Philip Morris, one of the three big tobacco names in Switzerland, said the price of a packet of cigarettes could fall by up to half a franc ($0.39).
Spokesman Marc Fritsch told Swiss public radio the company was reacting to tough competition from discounters, including German newcomer Aldi, which have begun offering no-name cigarettes for up to a quarter the price of brand names.
Another reason was the higher tax slapped on cigarettes in late 2004, which had added SFr0.50 to the cost of a pack.
"The tax increase has had an impact on consumers, who naturally want to smoke for less money," Fritsch said.
Risk to youth
Philippe Vallat, the head of the national tobacco prevention programme within the Federal Health Office, said he was concerned at the development. He said low prices had until now never been used in Switzerland as a tool for marketing cigarettes.
"It is internationally well documented that consumption of cigarettes is directly linked to prices, and especially young people are very sensitive to price," Vallat told swissinfo.
"We are afraid that the lowering of prices by the tobacco industry could lead to increased consumption, especially by the youth."

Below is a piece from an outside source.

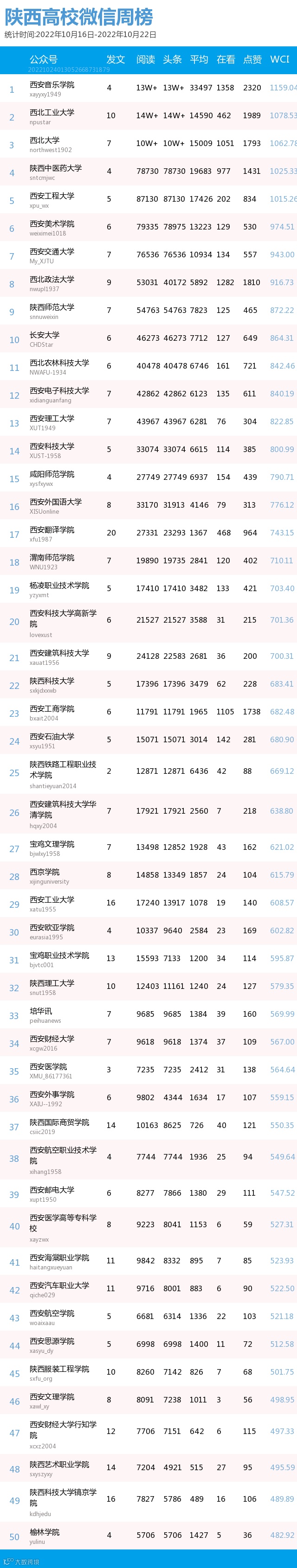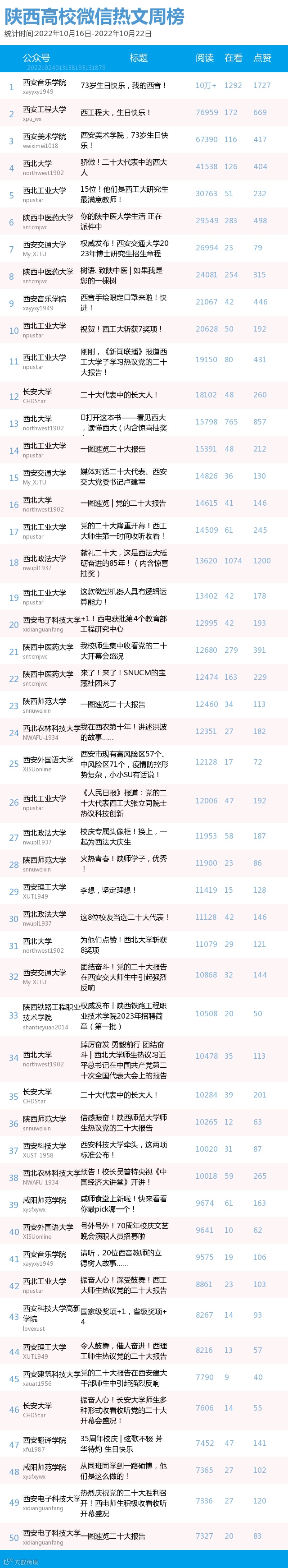 最新陕西高校微信公众号50强重磅出炉!TOP50上周共计发383篇,贡献阅读总量148W+,在看总量9213,阅读数据较上周有所下降,希望各大平台下期继续加油哦~(查看榜单可直接下滑)

Vallat said the health office expected the government to react to the move by announcing an increase in cigarette tax.
"What we expect at the health office is that the government increases the cigarette tax in order to make tobacco products less affordable for consumers and young people."
The head of the tobacco prevention programme said recent experiences in France showed that a tax increase did lead to a reduction in consumption, especially among young people.
"A good tax policy by the government is one of the central elements of efficient tobacco prevention. We'd like the government to increase taxes as that's a very effective and simple means of fighting tobacco consumption."
Vallat said tobacco consumption in Switzerland was generally decreasing amid moves in the country to clamp down on passive smoking and as awareness of the health risks of smoking grew.
"In Switzerland opinions about smoking are changing," he said.
Swiss parliamentarian Walter Donzé is also concerned that lower cigarette prices will lead to greater consumption. "The industry is reacting with lower prices to try to increase demand. I find this development dangerous," Donzé told Swiss public radio.
The politician has submitted a proposal to the House of Representatives calling on the government to set a minimum price for a pack of cigarettes.
Vallat said the health office would also agree to a minimum price, but that a tax increase should take priority.
"A tax increase comes in first priority for us and then we would consider the implementation of a minimum price."
1.3 billion people are estimated to smoke worldwide.
There are around 2 million smokers in Switzerland.
The World Health Organization and the World Bank estimate that a 10% rise in the price of cigarettes would encourage around 42 million smokers worldwide to give up the habit.
Following the 50-centimes price rise in autumn 2004, a packet of cigarettes now costs between SFr5.70-SFr6 in Switzerland - as much as in neighbouring Italy and Austria.
There has since been a drop in the number of tourists buying cigarettes in Switzerland.
Revenue from the tobacco tax into the state coffers has fallen by an estimated SFr100-200 million.